The function will throw LeapModelLoadingException
if LEAP fails to load the model.
loadModelAsResult
This function can be called from UI thread. The path
should be a local path pointing to model bundle file. This function is merely a wrapper around loadModel
function to return a Result
.
Conversation
The instance of a conversation, which stores the message history and states that are needed by the model runner for generation.
While this Conversation
instance holds the data necessary for the model runner to perform generation, the app still needs to maintain the UI state of the message history representation.
interface Conversation {
// Chat history
val history: List<ChatMessage>
// Whether a generation is in progress
val isGenerating: Boolean
// Generating response from a text input as user message
fun generateResponse(userTextMessage: String): Flow<MessageResponse>
// Generating response from an arbitrary new message
fun generateResponse(message: ChatMessage): Flow<MessageResponse>
// Export the chat history in this convesation to a `JSONArray`.

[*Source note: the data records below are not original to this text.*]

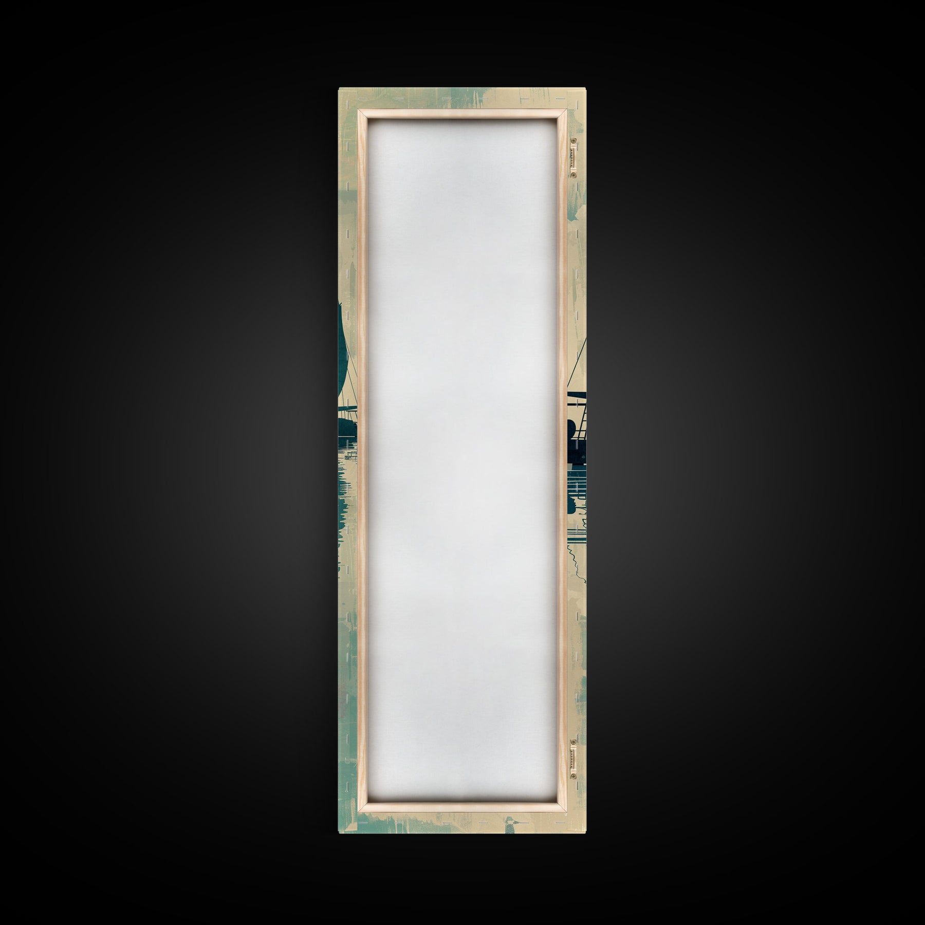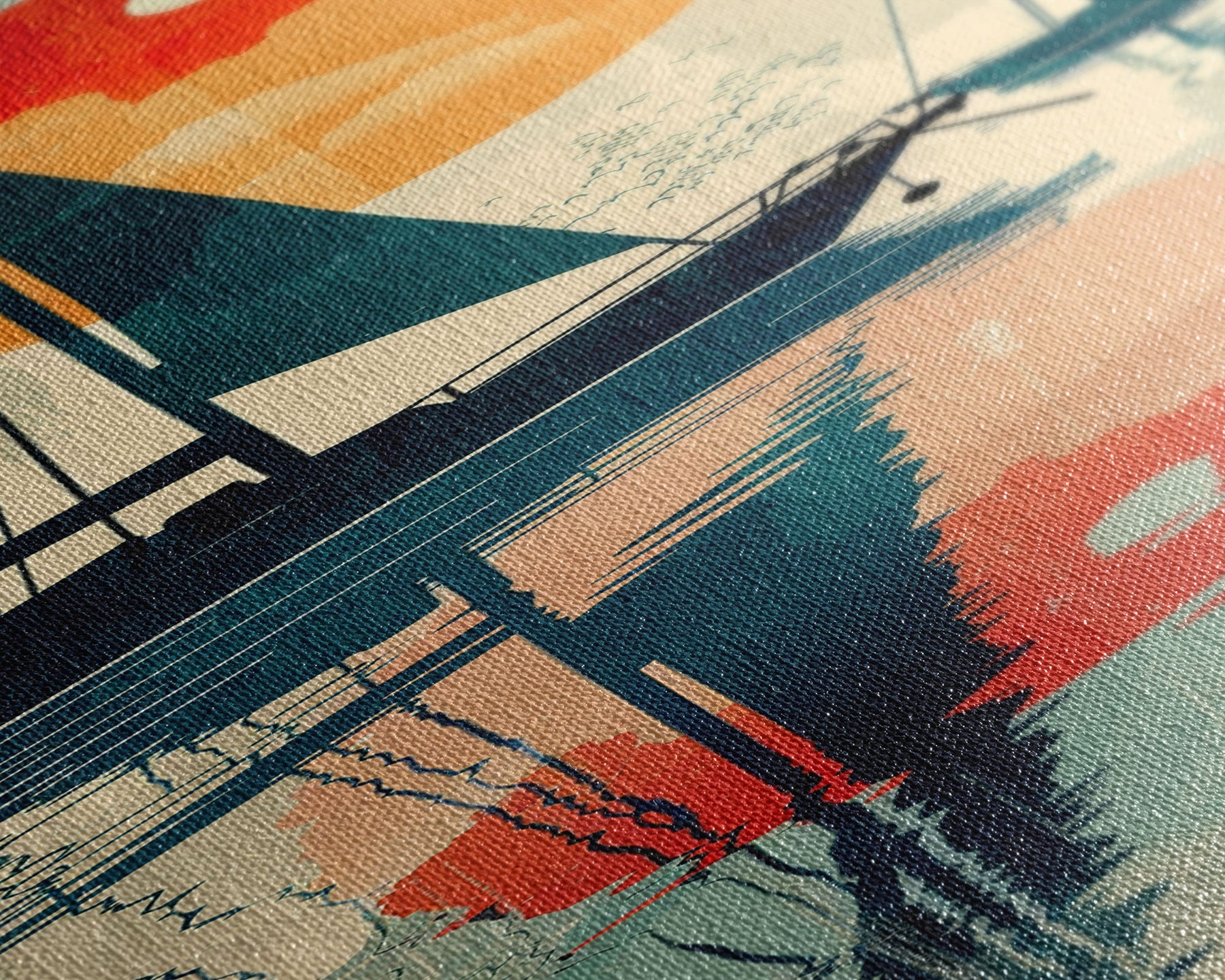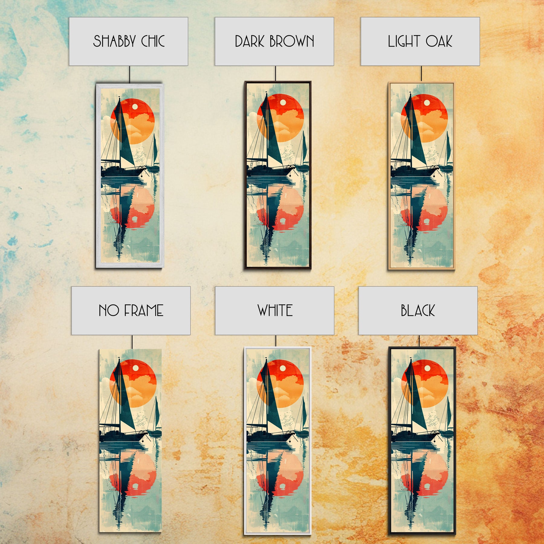 Serene Sunset Sailing Skinny Art Tall Art Japanese Ukiyo-e Inspired Ocean Framed Canvas Print for Home and Office Decor
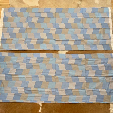 Marimekko Pilotti kangas, kaksi kappaletta, vaaleansininen ja valkoinen väri. Kangas on puuvillasekoitetta ja soveltuu erilaisiin ompeluprojekteihin tai sisustuskäyttöön. Verhokapat myydään yhdessä.
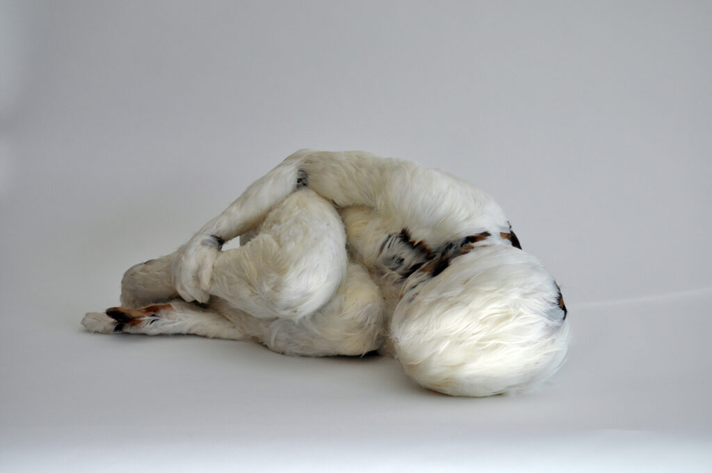 - Lucy GLENDINNING, Feather Child 1, 2011, cire, résine acrylique, bois, plumes de canard et de faisan, 78 × 61 × 28 cm, Collection de l’artiste
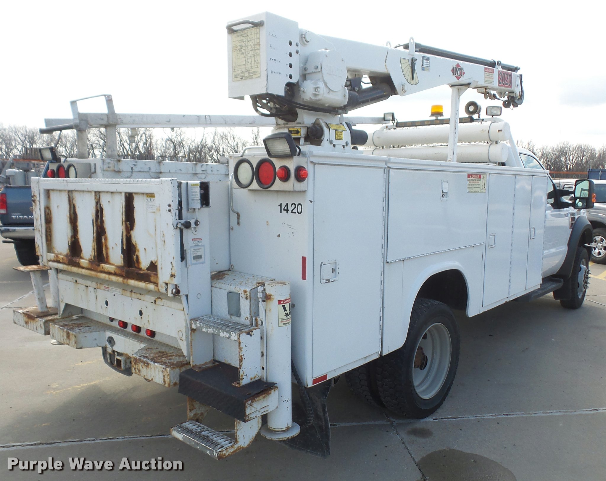 2008 Ford F550 Super Duty service truck with crane has sold in Topeka, Kansas for $20900. Item DB0666 sold on March 30th, 2017.
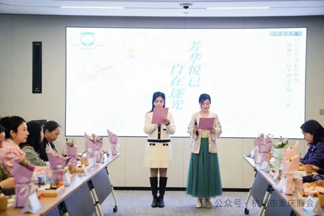 活动在本月轮值会长段意娟、邹兰温婉而有力的开场白中拉开序幕。她们代表杭州市重庆商会对各位姐妹、兄弟们的到来表示热烈欢迎,并阐释了本次活动的初衷:“商会不仅是大家事业发展的平台,更是我们温暖的家。今天,我们特意策划这场活动,就是希望姐妹们能在繁忙之余,停下脚步,感受生活之美,分享内心感悟,放松身心,交流情感。同时,也要为三月份生日的家人送上最真挚的祝福。愿我们每一位女性,都能在这最好的年华里,好好爱自己,追随光,成为光,自在逐光。”
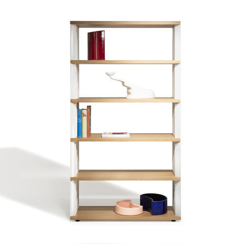 Estructura en acero pintado brillante, color talco, caramelo, naranja, granate, alga. Estantes en MDF chapados en roble barnizado natural. Las bibliotecas en versión alta, si se colocan una al lado de la otra, pueden unirse mediante una pieza de union en dotacion.

fun exportToJSONArray(): JSONArray
}
Creation
Instance of this class should not be directly initialized. It should instead be created by the ModelRunner
instance.
Lifetime
While a Conversation
stores the history and state that is needed by the model runner to generate content, its generation function relies on the model runner that creates it. As a result, if that model runner instance has been destroyed, the Conversation
instance will fail to run subsequent generations.
history
history
value field will return a copy of the chat message history. Any mutations to its return value will not change the internal state of the generation. If there is an ongoing generation, the partial message may not be available in the return value of this field. However, it is guaranteed that when MessageResponse.Complete
is received and when the flow is completed, the history value field will be updated to have the latest message.
isGenerating
isGenerating
value field is true if the generation is still in progress. Its value will be consistent across all threads.
generateResponse
generateResponse(message: ChatMessage)
is the preferred method for response generation. It can be called from UI thread.
The return value is a Kotlin asynchronous flow . The generation will not start until the flow is collected (following the convention of flows). Refer to Android documentation on how to properly handle the flow with lifecycle-aware components.
A MessageResponse
instance will be emitted from this flow, which contains the chunk of data generated from the model.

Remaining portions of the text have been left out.